The Fed Chair, Jerome Powell, only repeated his old rhetoric, causing the rally in US Treasury yields and the US dollar to slacken while waiting for the next catalyst.

The US Dollar Index (DXY) yesterday failed to break through the 104.00 threshold, then slammed after the circulation of the latest comments from the Chair of the Fed, Jerome Powell. Its position had retreated to around 103.28 at the end of the Asian session on Wednesday, February 8. Accordingly, the greenback has been performing mixedly across major currency pairs.

DXY Daily

In a question-and-answer session before the Economic Club event in Washington yesterday, Powell acknowledged that interest rates may need to rise higher than expected if US economic conditions remain strong. However, he emphasized again that the disinflation process had already begun.

"The process of disinflation, the process of bringing inflation down, has started, and it's starting in the goods sector, which makes up about a quarter of our economy," Powell said.

"We hope that 2023 will be a year of significant inflation reduction. It is actually our job to ensure that it happens. My guess is that the disinflation process is not only this year, but it will take until next year for (inflation) to fall to close to 2%."

According to Powell, his party will continue to make decisions according to the latest data. He did not mention a specific timeline for how long the interest rate hike cycle would last in order to achieve the inflation target.

"The reality is we will react to the data," Powell continued, "so if we continue to get, for example, strong labor market reports or higher inflation reports, we may have to do more and raise interest rates more than previously thought."

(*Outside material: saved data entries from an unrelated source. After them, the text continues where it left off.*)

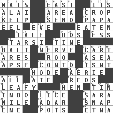 ACROSS 1. Floor coverings 5. Compass direction 9. It is 12. Jai _ 13. Type of rug 14. Riding implement 15. Seaweed 16. Post 17. Dad 18. Snakelike fish 19. First lady 21. Ingested 22. Lie 24. Two (Sp.) 26. Curvy letter 27. Tarsus (plural) 28. Prong on a fork 29. Indonesian resort city 30. Effrontery 32. Draw slowly or heavily 36. Ancient Greek god of war 37. Friend of Pooh 38. At sea 39. Domed church section 40. Continued (abbr.) 42. Is not 43. Method 44. Nest on high 46. Everything 49. Had dinner 50. Vintage cars 51. Like summer trees 53. Layer 54. Shallow baking pan 57. _ china 58. Louse (plural) 61. "Two Mules for Sister ____" 62. "Death on the ____" 63. The sixth month of the Jewish calendar 64. Fastener 65. Compass dir. 66. Cooking vessels 67. Inactive volcano in Sicily DOWN 1. Create 2. Toward shelter 3. Baron Munchausen's specialties 4. Small drink 5. Relaxation 6. "We ___ not amused" (Victoria) 7. Elected rep. 8. Small boy 9. Feeling or showing extreme anger 10. Drinks excessively 11. Connects, as a bridge 14. Accounting whiz (abbr.) 19. Raised railways 20. Distinctive style or manner 21. Compass dir. 23. Get up 24. A piece of turf (Scot.) 25. Single 27. Canvas cover 28. Heavy duty weighing machine 29. Sound made by sheep 31. Eat (away) 32. Capital of Egypt 33. Aide 34. French philosopher Descartes 35. Make lace 40. Small bed 41. Have the gumption 43. Fifth month 45. Car or cant ending 46. Place in a line 47. Soviet premier 1918-24 48. Dipping utensil 52. Enemy 53. Possessive pronoun 55. SW Asia republic 56. California wine valley 58. Infant locale 59. Wedding promise 60. Domesticated feline 61. Compass dir.
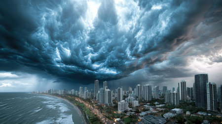 A powerful storm approaches coastal town, creating dramatic skyline
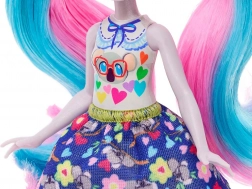 A babának hosszú, kék haja van rózsaszín csíkokkal és színes ruházata, amely minden gyermeket lenyűgöz.
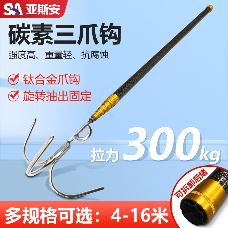 Yasian Gancho de Rescate Acuático, Varilla Telescópica de Fibra de Carbono con Gancho de Anclaje Triangular de Aleación de Titanio, Poste de Salvamento Marino
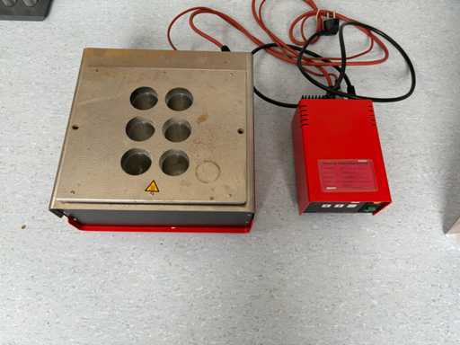 In vendita è disponibile un sistema di riscaldamento da laboratorio Behrotest ET2 di Behr Labor-Technik, composto dall'unità di controllo elettronica ET2 e da un solido blocco riscaldante a sei pale in acciaio inossidabile. Il dispositivo viene utilizzato per riscaldare ed eseguire reazioni chimiche e processi di digestione, come è comune nei laboratori ambientali, alimentari e analitici.
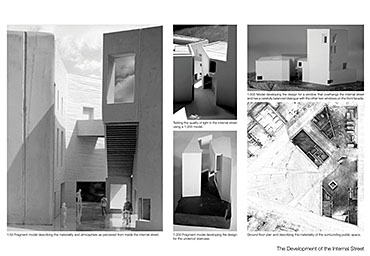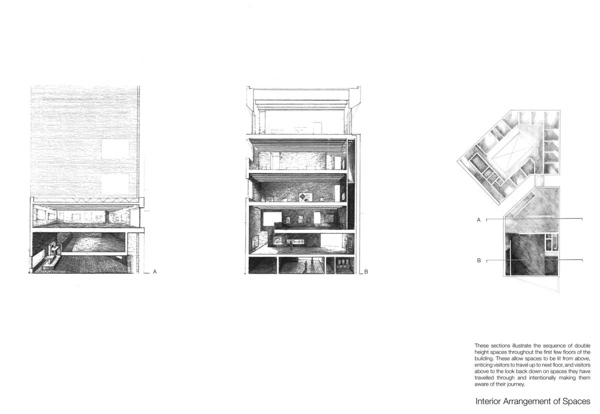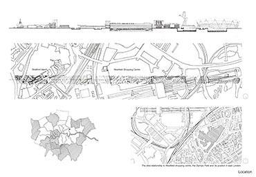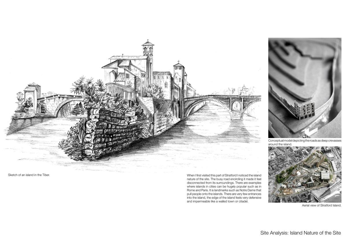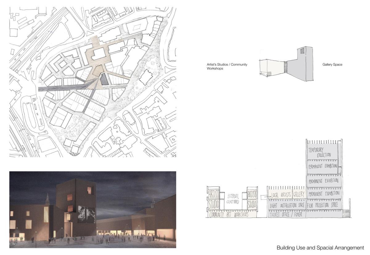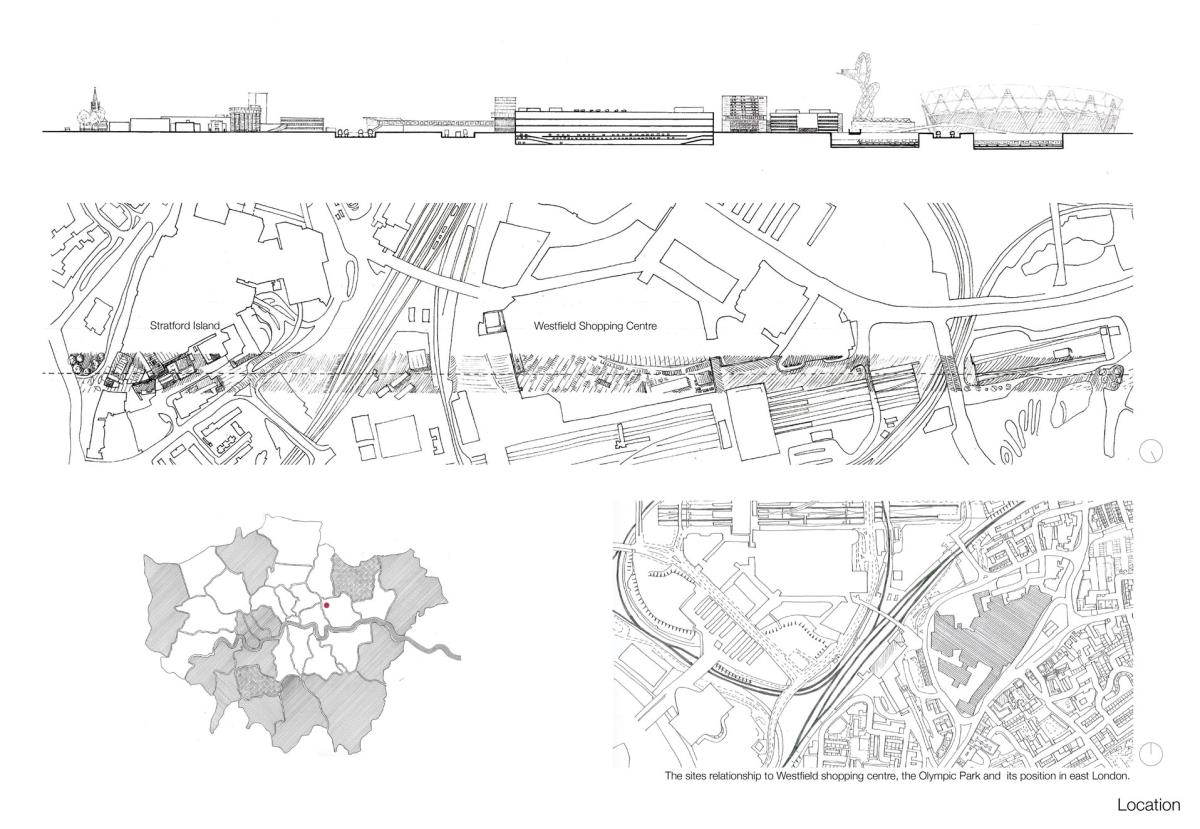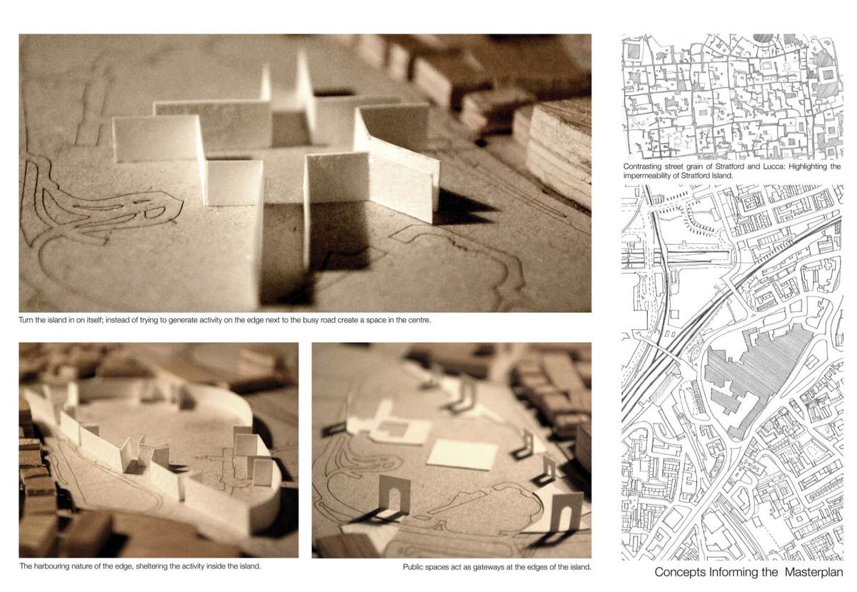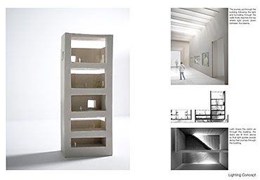 A Beacon for Stratford Island Part 1 Project 2013 Araminta Sainsbury University of Cambridge | UK A 1960’s gyratory road system intended to improve connections across London has confined an area of Stratford, preventing it from expanding and isolating it from its immediate surroundings. The master plan attempts to celebrate this island nature, harbouring activity in the centre of the site whilst strengthening the gateway points onto the island. The dense mass of buildings that currently exists is opened up allowing for a hierarchy of routes and connections to permeate across the island. The Arts Centre acts as a marker for the public space in the centre of the island. Its height gives the building prominence and draws visitors over from the station as well as inviting in the local communities from Stratford. Providing space for a variety of users informed the decision for the physical separation of the gallery and the community studios. The monolithic precast concrete facades give prominence to the entrance and act as a backdrop for activity in the public space that addresses the building. A change in materiality defines the front elevation from the rest of the brick walls. An internal street divides the Arts Centre and provides the entrances to the gallery spaces, café, gift shop, community workshops and artists’ studios. Imagining how people would move between the sequences of gallery spaces informed the design. Light draws visitors along their journey up through the tower. They enter into a darker space at ground level but gradually climb up the tower between rooms that increase in height and luminosity. The rhythm of the exposed concrete roof beams remains constant throughout the building, which emphasises the arrival at the top room where light pours down between the deep beams giving the impression that the top of the building has been peeled off. The stairs are embedded in the walls, tunnelling through the mass of the building towards the lighter space above. Tutor(s) Nikolai Delvendahl Eric Martin

None of this is new news, but merely a reaffirmation of things Powell has disclosed in various previous public communications. As a result, the rally in US Treasury yields and the US dollar both relaxed while waiting for the next catalyst.

"Powell didn't say anything really new. I think we're pretty used to the idea that the Fed is data dependent right now," said Chris Weston, head of research at Pepperstone, "and markets and central banks are now in a position where they are just eyeing the data, so we are now less sensitive to the rhetoric of Fed officials and much more data sensitive."

The schedule for releasing economic data from Uncle Sam's country tends to have a low-medium impact this week. Several big news items will be published next week, namely consumer inflation data, retail sales data, and producer inflation data.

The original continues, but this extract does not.